By Roxy Carleton (Sexpert) – Email

Print Edition: October 1, 2014

Safety in BDSM is always top priority — but don’t forget to have fun! (Image:  Adescalco Marangoni/ Flickr)
Safety in BDSM is always top priority — but don’t forget to have fun! (Image: Adescalco Marangoni/ Flickr)

So you’ve heard about BDSM and you’re curious. It can be an intimidating practice to get into; the quest for kinkiness can be a sea of misinformation, and BDSM (bondage, discipline, sadism, and masochism) can be genuinely dangerous.

To start, research will be your best friend. Before you bring anything into the bedroom, you must research it first. You need to know the risks, but you also want to be able to get the most fun out of it.

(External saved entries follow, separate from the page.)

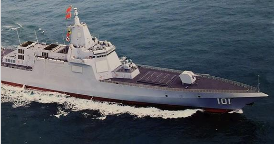
Figure 14. Renhai (Type 055) Cruiser (or Large Destroyer)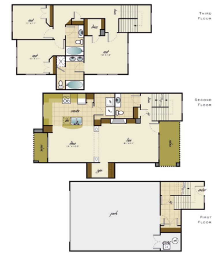
OZARK • 1,737 Sq. Ft. 3 Bedroom / 2 1/2 Bath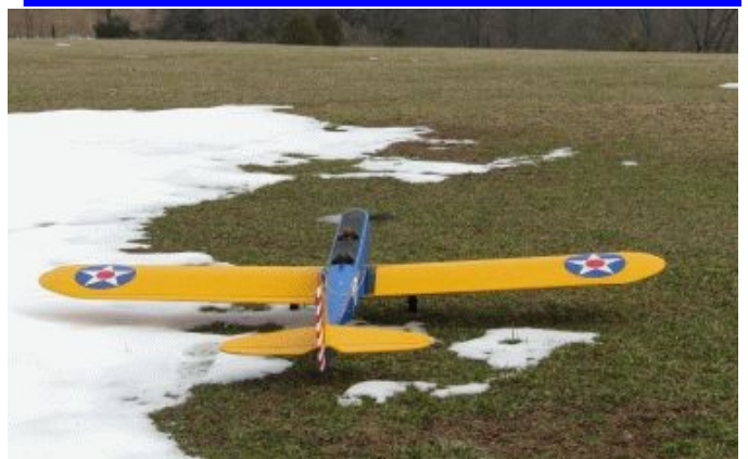
Another photo from a few years ago.

If you feel your 2016 Club dues are current but you are not on the above list contact Fritz Corbin for needed corrections.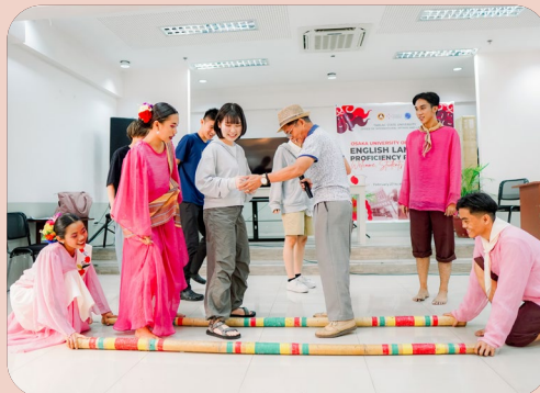
TSU welcomes 13 Japanese students for academic, cultural interchange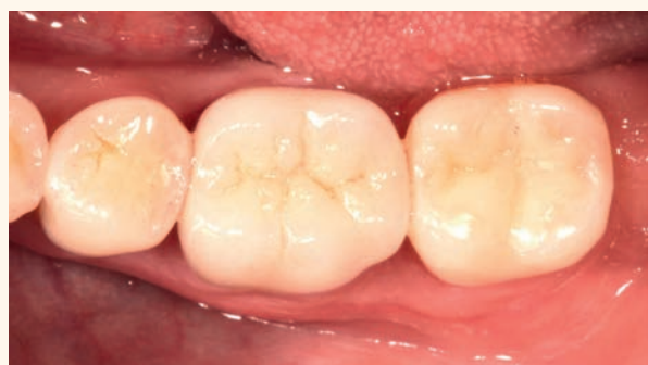
Fig. 10: Situation after crown placement, removal of the excess cement and thorough cleaning. The crown blends in nicely with the surrounding tooth structure.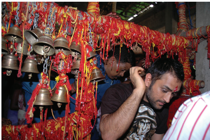
He plays, he prays: At the Deori Mata temple in Ranchi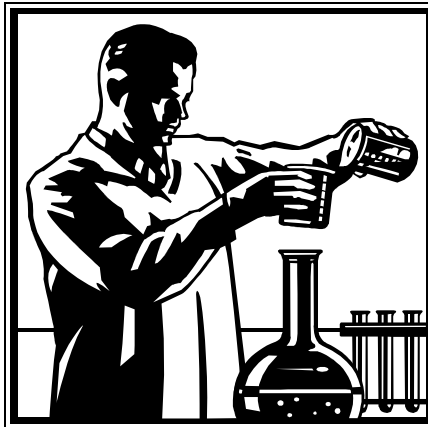
NutriLab makes "CutsomVite," a custom-compounded nutritional supplement regimen for each individual patient.

Maximum bioavailability is achieved by delivering appropriate concentrations of nutrients at the cell level.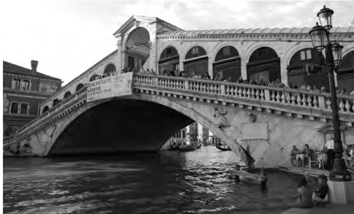
Rialto Bridge, Venice

Refer to Fig. 2, an article on Venice, Italy.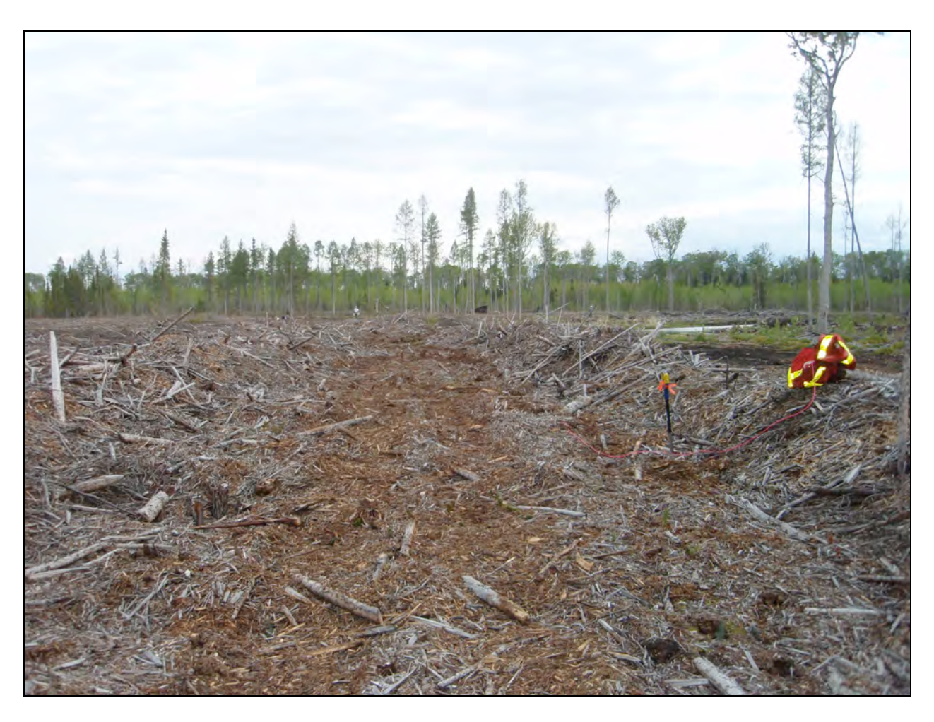
Figure 5 Trees planted in chipper wood debris windrows.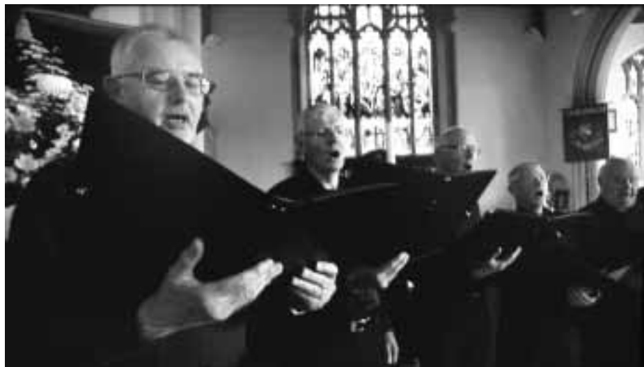
Members of Aldeburgh Music Club performing Britten's Curlw River on the BBC Countryfile programme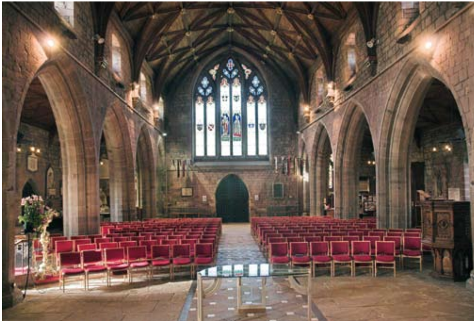
Above: 230 Churchill Deluxe stacking chairs installed in December 2003

(Picture shown with Stacking Block A122)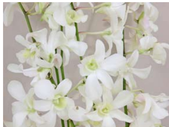
Florilife Crystal Clear® Flower Food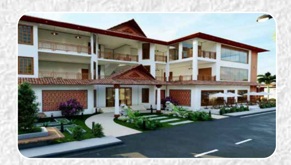
Vedaanta Utsav Hosur

BDSM also requires a tonne of communication. For your first time, make sure your partner is someone you know and trust. You have to feel completely free to say whatever you feel in before-and-after discussions. The before discussion is where you introduce any new ideas you’d like to try, and where you or your partner can express any desires or concerns you may have. The after discussion is where you check in to make sure everything went well for both parties.

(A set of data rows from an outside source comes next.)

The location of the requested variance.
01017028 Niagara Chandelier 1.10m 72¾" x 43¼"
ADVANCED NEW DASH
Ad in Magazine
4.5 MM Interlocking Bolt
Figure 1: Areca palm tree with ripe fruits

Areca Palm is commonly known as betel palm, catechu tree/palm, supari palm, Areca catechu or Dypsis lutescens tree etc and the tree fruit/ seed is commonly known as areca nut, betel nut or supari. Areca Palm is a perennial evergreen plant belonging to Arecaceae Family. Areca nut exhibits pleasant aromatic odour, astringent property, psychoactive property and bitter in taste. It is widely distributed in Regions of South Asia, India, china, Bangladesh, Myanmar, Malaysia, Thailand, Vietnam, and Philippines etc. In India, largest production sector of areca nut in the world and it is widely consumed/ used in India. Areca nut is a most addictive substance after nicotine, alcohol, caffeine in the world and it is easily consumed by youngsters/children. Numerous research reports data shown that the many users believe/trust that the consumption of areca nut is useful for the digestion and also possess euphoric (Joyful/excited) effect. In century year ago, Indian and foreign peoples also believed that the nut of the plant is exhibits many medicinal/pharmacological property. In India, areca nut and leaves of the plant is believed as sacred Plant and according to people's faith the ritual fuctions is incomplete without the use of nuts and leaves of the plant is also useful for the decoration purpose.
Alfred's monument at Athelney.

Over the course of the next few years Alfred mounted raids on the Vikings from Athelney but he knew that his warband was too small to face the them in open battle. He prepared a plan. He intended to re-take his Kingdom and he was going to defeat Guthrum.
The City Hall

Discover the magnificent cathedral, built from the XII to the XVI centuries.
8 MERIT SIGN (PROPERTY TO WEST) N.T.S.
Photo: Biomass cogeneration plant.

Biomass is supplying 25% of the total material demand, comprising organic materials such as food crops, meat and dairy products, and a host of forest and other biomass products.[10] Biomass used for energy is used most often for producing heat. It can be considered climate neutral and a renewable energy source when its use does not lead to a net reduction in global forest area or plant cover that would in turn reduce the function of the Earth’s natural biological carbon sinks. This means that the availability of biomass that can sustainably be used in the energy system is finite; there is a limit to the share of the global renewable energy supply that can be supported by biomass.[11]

Having a “safe word” is the most important thing you’ll need to establish, especially as you learn what you like and what you’re just not comfortable with. Some ideas sound great in books or films, but in real life turn out to be less thrilling than expected. In this sense, the sub has to have the most control. As soon as the stop command is given, the scenario must stop. Despite what E.L. James has anything, ignoring the safe word is never okay. Also keep in mind that you might not be able to speak in situations involving gags, so you’ll need to establish some kind of non-verbal signal. This is where planning ahead is important.

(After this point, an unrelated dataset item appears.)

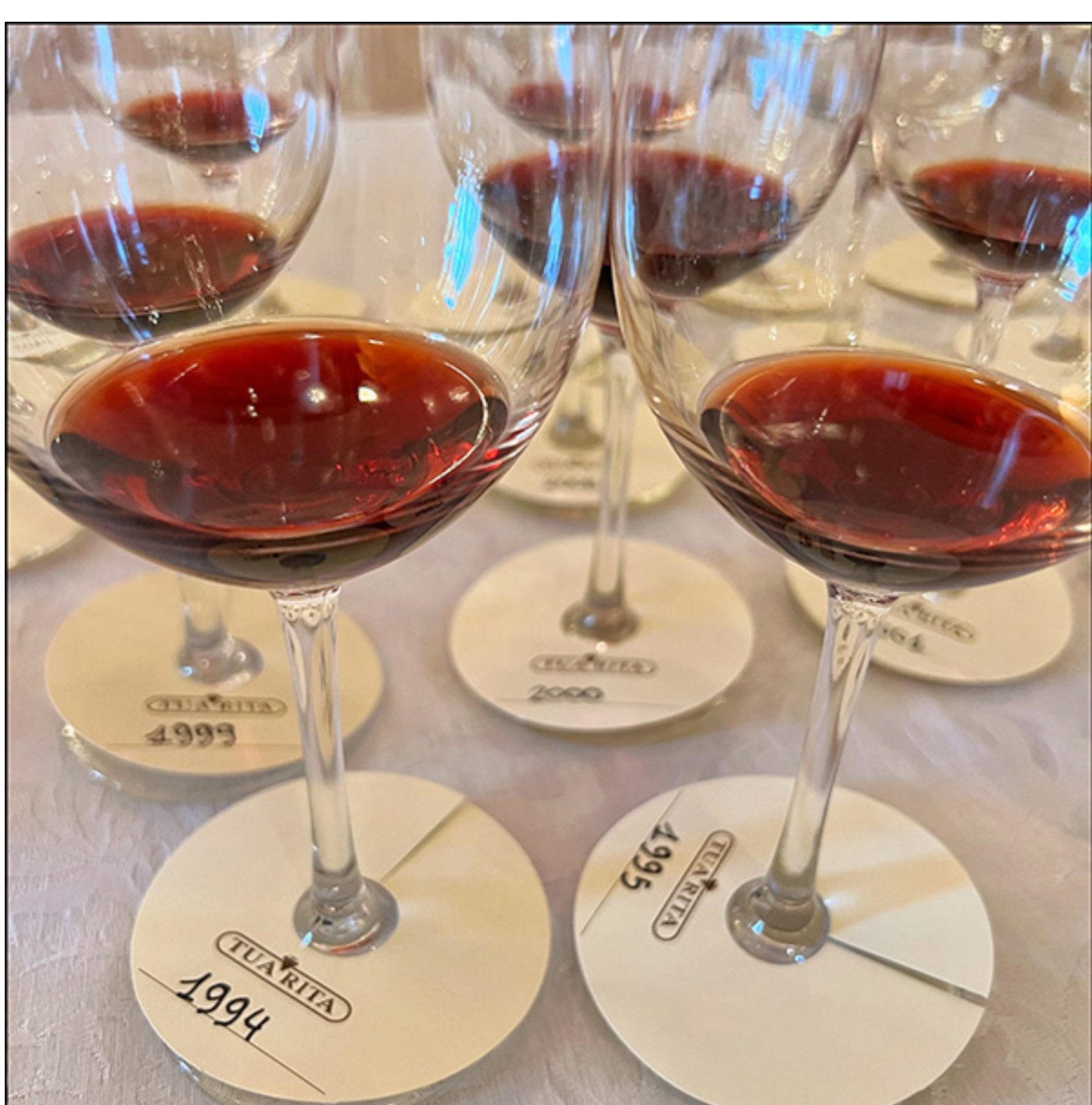
1994 is the first vintage of this iconic Tuscan Merlot.

They recognized potential and opportunity in an area far away from the headline appellations of Tuscany in an area not previously associated with fine wine.

Surprises are never a good idea. A lot of pornography depicts people being happily surprised  with an unplanned sex act. In real life, it’s a good way to get seriously injured, or to violate someone’s trust.

While it may be tempting to try the hardcore stuff right away, it is better to start small and work your way up. Don’t start out with knife-play or piercing. Start with some light bondage and build from there. Even if you are really eager to try inverted suspension, it’s better to take it slow. You may even find you like the milder scenarios more, but if you skip right over them you’ll never know.

Generally, it is not a good idea to mix your real life with your fantasy life. If you’ve had a disagreement in your real life, you need to sort it out in real life. You cannot punish your partner in the fantasy world. Bringing reality into the fantasy will only limit and frustrate you.

BDSM can be a great way to elevate your sex life. So if you think it’s for you, do your research, talk with your partner, start slow, and give it a try. Be safe, and have fun with it!